But while my cancellation may be chilling to writers, it’s not nearly as scary as the message it sends to the academy’s cadets and all Americans. When speakers are disinvited because they criticize politicians, we give these politicians pre-emptive carte blanche. Implicitly, we suggest that certain people should be outside the realm of political and moral judgment. Perhaps they should be above public opinion itself.

 

The academy’s actions also imply to me a lack of trust in its faculty members’ and donors’ opinions, as well as the presumption that institutions should surveil their speakers, sniffing them out as possible traitors. Maybe it would have done the same if Joe Biden were still president; maybe the academy was defending the honor of the office of the president, not the man holding the office. But I doubt it.

 

After Defense Secretary Pete Hegseth pledged to rid service academies of civilian faculty members who might promote “divisive policies” that could be critical of American politics, an article in Politico noted that General Bauernfeind considered plans to fire as many as 100 civilians from the academy’s faculty, and he removed the word “educate” from the school’s mission statement.

 

If one of Mr. Trump’s great gifts is his ability to sow discord across institutions, his greatest appears to be an ability to inspire slavish devotion among his supporters. Devotion, of course, is based on not fully comprehending the object of one’s awe; it is the abdication of knowledge and agency in favor of adoration.

 

Devotion is not, I hope, what a military organization instills in its cadets. In “The Broken Country,” I write about how, in the context of post-Vietnam America, a reverential posture toward the military has become common. Too often, the American public understands men and women in uniform as heroic fetish objects and refugees as pathetic children who should be grateful for being welcomed on our shores.

 

It is this kind of cartoonish simplicity that any serious study of war seeks to counteract and that I attempt to reject in my own work. I’d hoped to present a more expansive history to the cadets. I wanted them to see that the humanities offer a way for them to understand their own place in the military and the world, to give them a broader framework for the responsibilities they’ll take on, to help them better evaluate the good works they are taught to do.

 

Without this expanded view of history, we risk descending into unreflecting glorification, turning the story of war simply into a conflict of good guys versus bad guys, erasing the more painful generational realities that both veterans and victims of war experience.

 

What’s worse is that the people we unthinkingly label good guys can start to think they are above the law. That might lead officers to treat their troops like cannon fodder, or rogue soldiers to commit crimes. This is true even as civilians (especially without a draft) hesitate to critique the military, in both gratitude and recompense for the tremendous risks soldiers voluntarily take.

 

But no institution or civil servant should be treated so worshipfully.
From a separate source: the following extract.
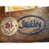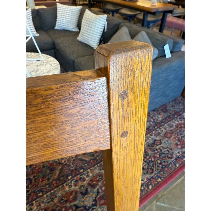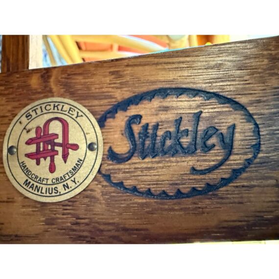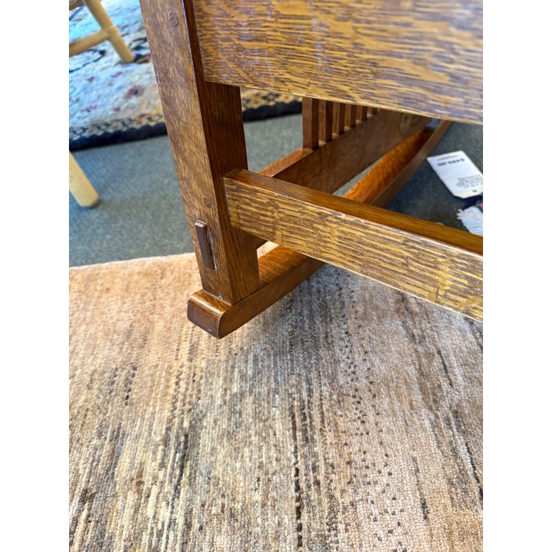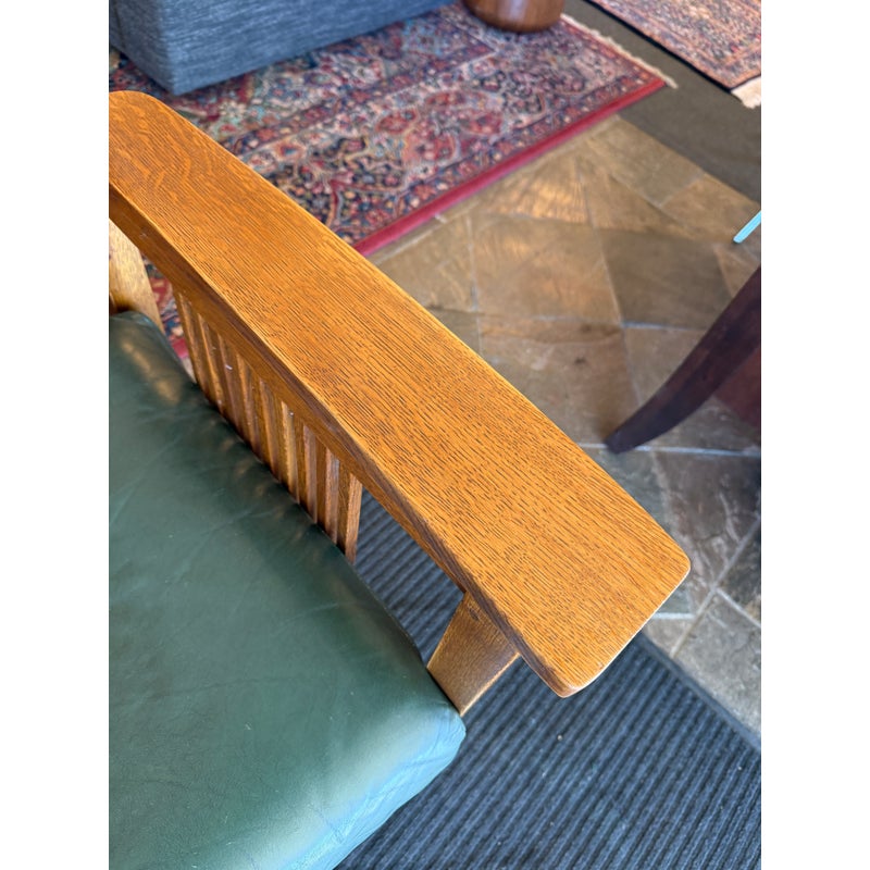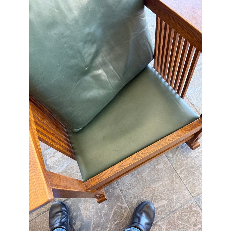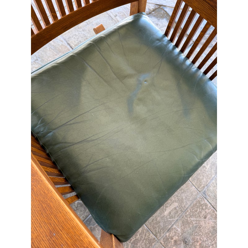 Design Plus Gallery presents a Mission Style Spindle Back Rocking Chair from Stickley Furniture. This rocking chair was designed by Gustav Stickley and is in solid oak wood with flat spindles adorning its back and sides of the frame. The comfortable removable seat is upholstered in cushioned green leather. The 376 Rocker is part of the original April 1989 reissued Mission Collection. Light surface wear; condition is good. Made in the United States of America.

It’s how politicians come to act like petty tyrants and political parties function like cults.

 

My talk’s cancellation is also a dangerous message to send when the president has turned the National Guard into de facto police units in Los Angeles and Washington, D.C., while threatening to do the same in Chicago. Not only is he misusing the military’s power by weaponizing the moral authority we’ve granted the military, but in doing so he is eroding the trust Americans have in the military itself.

 

The Air Force Academy’s decision is bolstering a signal many Americans fear has already been sent: that the military is a wing of presidential and not constitutional defense, its loyalty particular to Mr. Trump — even to the point of treating Americans themselves as the enemy.

 

True loyalty asks us what and why we believe. It can be earned, bent, changed; it can also be broken. When we encounter people with dissenting opinions and politics, we test the boundaries of loyalty, turning unthinking devotion into critical self-reflection, which ideally makes what we believe stronger, our connection to others clearer.

 

As I would have said at my talk, when we see what stories veterans share with refugees, it expands our understanding of how past wars continue to shape America. This is what writing “The Broken Country” taught me: Trauma, historical memory, cultural assimilation and identity are issues that refugees and veterans alike face. To understand our own place in the history of war is fundamentally to learn about others. This kind of critical reflection isn’t just necessary for us as citizens; it’s crucial for our military if it wants to produce better soldiers, ones who aren’t just mindless cogs in war’s machinery.

 

The president may be the Air Force Academy’s commander in chief, but it is the Constitution — and our freedom of speech, which it protects — to which he should ultimately be loyal.